Comparison of losartan and amlodipine effects on the outcomes of patient with COVID-19 and primary hypertension: A randomised clinical trial.

机构信息

Immunology Research Center, Tabriz University of Medical Sciences, Tabriz, Iran.

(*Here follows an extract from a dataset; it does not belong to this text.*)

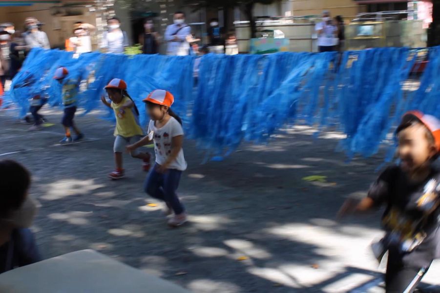 年少組のうんどうかいのテーマは『海』です。次は波を潜り、サンゴの山(跳び箱)を乗り越えて行く障害物の種目です。
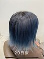 根元は暗めでのネイビーブルー。褪色過程です。褪色しても緑にならないよう調節し最後にシルバーになるように染めました。色が抜けてく過程も楽しめます

Network of Immunity in Infection, Malignancy and Autoimmunity (NIIMA), Universal Scientific Education and Research Network (USERN), Tehran, Iran.

出版信息

Int J Clin Pract. 2021 Jun;75(6):e14124. doi: 10.1111/ijcp.14124. Epub 2021 Mar 13.

DOI:10.1111/ijcp.14124
PMID:33650197
原文链接:https://pmc.ncbi.nlm.nih.gov/articles/PMC7995089/
Abstract

BACKGROUND

Controversy exists regarding the drug selection in hypertension (HTN) management in patients with COVID-19. This study aimed to compare the effects of losartan and amlodipine in patients with primary HTN and COVID-19.

METHODS

In this randomised clinical trial, hospitalised patients with COVID-19 and primary HTN were enrolled in the study. One arm received losartan, 25 mg, twice a day and the other arm received amlodipine, 5 mg per day for 2 weeks. The main outcomes were compare 30-day mortality rate and length of hospital stay.

RESULTS

The mean age of patients treated with losartan (N = 41) and amlodipine (N = 39) was 67.3 ± 14.8 and 60.1 ± 17.3 years, respectively (P value = .068). The length of hospital stay in losartan and amlodipine groups was 4.57 ± 2.59 and 7.30 ± 8.70 days, respectively (P value = .085). Also, the length of ICU admission in losartan and amlodipine group was 7.13 ± 5.99 and 7.15 ± 9.95 days, respectively (P value = .994). The 30-day mortality was two and five patients in losartan and amlodipine groups, respectively (P value = .241).

CONCLUSIONS

There was no priority in losartan or amlodipine administration in COVID-19 patients with primary HTN in decreasing mortality rate, hospital and ICU length stay. Further studies need to clarify the first-line anti-HTN medications in COVID-19.

摘要

背景

在伴有 COVID-19 的高血压(HTN)管理中,药物选择存在争议。本研究旨在比较氯沙坦和氨氯地平在原发性 HTN 合并 COVID-19 患者中的疗效。

方法

在这项随机临床试验中,将 COVID-19 合并原发性 HTN 的住院患者纳入研究。一组接受氯沙坦,25mg,每日两次;另一组接受氨氯地平,每日 5mg,治疗 2 周。主要结局为比较 30 天死亡率和住院时间。

结果

接受氯沙坦(N=41)和氨氯地平(N=39)治疗的患者平均年龄分别为 67.3±14.8 岁和 60.1±17.3 岁(P 值=0.068)。氯沙坦和氨氯地平组的住院时间分别为 4.57±2.59 天和 7.30±8.70 天(P 值=0.085)。此外,氯沙坦和氨氯地平组 ICU 入住时间分别为 7.13±5.99 天和 7.15±9.95 天(P 值=0.994)。氯沙坦和氨氯地平组的 30 天死亡率分别为 2 例和 5 例(P 值=0.241)。

结论

在降低死亡率、住院时间和 ICU 入住时间方面,氯沙坦或氨氯地平在 COVID-19 合并原发性 HTN 患者中的应用没有优先级。需要进一步的研究来阐明 COVID-19 中一线抗 HTN 药物。